MENTOR SMOOTH ROUND MODERATE PROFILE
Report
- Report Number
- 1645337-2024-14536
- Event Type
- Injury
- Date Received
- December 12, 2024
- Date of Event
- January 1, 2024
- Manufacturer
- MENTOR TEXAS
- Product Code
- FWM
- UDI-DI
- 00081317001249
- PMA / PMN Number
- P990075
- Adverse Event
- Yes
- Product Problem
- Yes
- Report Source
- Manufacturer report
- Reporter Location
- CA
- Reporter Occupation
- OTHER
- Health Professional
- N
Narratives
SINCE THE DEVICE HAS NOT BEEN RETURNED FOR ANALYSIS, NO PRODUCT FAILURE ANALYSIS CAN BE CONDUCTED, AND NO DETERMINATION OF POSSIBLE CONTRIBUTING FACTORS CAN BE MADE. AS SUCH, THE INVESTIGATION WILL BE CLOSED. IF THE COMPLAINT DEVICE IS RECEIVED IN THE FUTURE, THE INVESTIGATION WILL BE REOPENED AND CONDUCTED AS APPROPRIATE. A MANUFACTURING RECORD EVALUATION IS IN PROGRESS. ONCE COMPLETED, A SUPPLEMENTAL REPORT WILL BE SUBMITTED. REASON FOR DEVICE EXPLANT AND/OR REOPERATION: BREAST PROSTHESIS DEFLATION, CAPSULAR CONTRACTURE. D4: UDI: AS THE SERIAL NUMBER FOR THE DEVICE INVOLVED IN THE EVENT WAS NOT PROVIDED, THE FULL UDI IS CURRENTLY NOT AVAILABLE. MENTOR IS SUBMITTING THIS REPORT PURSUANT TO THE PROVISIONS OF 21 CFR, PART 803. THIS REPORT MAY BE BASED ON INFORMATION WHICH MENTOR HAS NOT BEEN ABLE TO INVESTIGATE OR VERIFY PRIOR TO THE REQUIRED REPORTING DATE. THIS REPORT DOES NOT REFLECT A CONCLUSION BY FDA, MENTOR, OR ITS EMPLOYEES THAT THE REPORT CONSTITUTES AN ADMISSION THAT THE DEVICE, MENTOR, OR ITS EMPLOYEES CAUSED OR CONTRIBUTED TO THE POTENTIAL EVENT DESCRIBED IN THIS REPORT. IF CERTAIN INFORMATION IS UNKNOWN, NOT AVAILABLE OR DOES NOT APPLY, THE SECTION/FIELD OF THE FORM IS LEFT BLANK. MANUFACTURER¿S REFERENCE NUMBER: (B)(4).
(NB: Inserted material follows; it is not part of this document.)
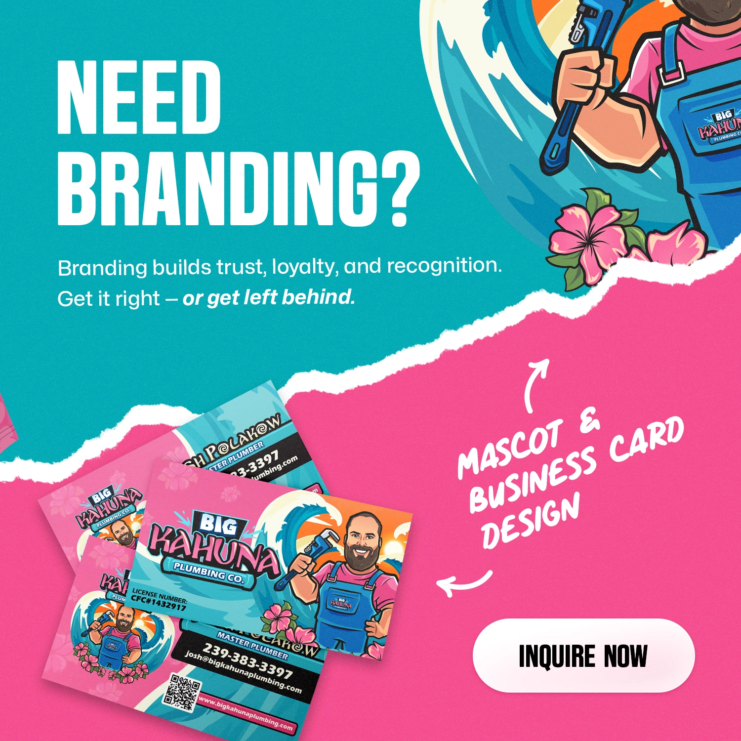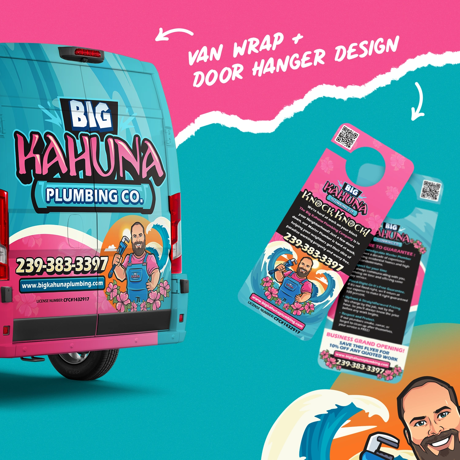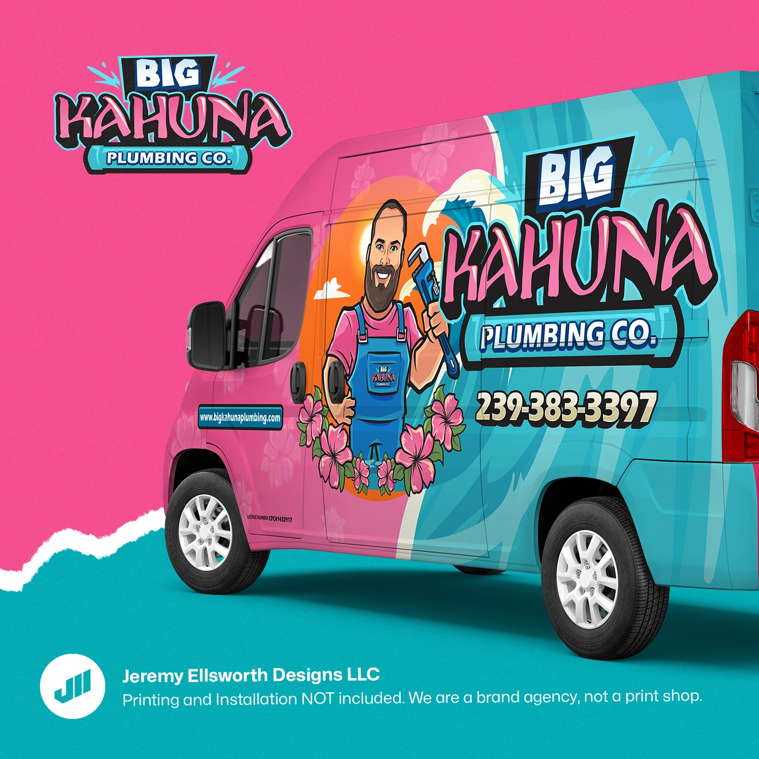 Big Kahuna Plumbing Co. — where branding meets island energy. From their bold mascot design to full vehicle wrap, we brought this brand to life with tropical personality, vibrant colors, and a memorable visual punch that makes every drive a statement.

ON 20-JAN-2025, THE MENTOR FAILURE ANALYSIS LAB RECEIVED A DEVICE FOR EVALUATION. THE DEVICE RECEIVED WAS FROM LOT #5843050. IT WAS PREVIOUSLY REPORTED THAT THE SUSPECT MEDICAL DEVICE IS FROM LOT #230886. MENTOR BECAME AWARE THAT LOT #5843050 IS THE CORRECT LOT NUMBER FOR THE COMPLAINT DEVICE. A MANUFACTURING RECORD EVALUATION (MRE) WAS PERFORMED, AND NO ANOMALIES WERE FOUND RELATED TO THIS COMPLAINT. IN ADDITION, THE MRE VERIFIES THAT THE DEVICE WAS MANUFACTURED IN ACCORDANCE WITH DOCUMENTED SPECIFICATION AND PROCEDURES. THE ANALYSIS HAS BEGUN BUT IS NOT COMPLETE AT THIS TIME. WHEN THE INVESTIGATIONAL ANALYSIS HAS BEEN COMPLETED, A SUPPLEMENTAL REPORT WILL BE SUBMITTED. THE REPORTED IMPLANTATION DATE IS BEFORE THE MANUFACTURE DATE OF THE SUSPECT MEDICAL DEVICE. MENTOR WILL REPORT THE IMPLANTATION DATE AS RECEIVED. IF CLARIFICATION IS RECEIVED, A SUPPLEMENTAL REPORT WILL BE SUBMITTED. MANUFACTURER¿S REFERENCE NUMBER: (B)(4).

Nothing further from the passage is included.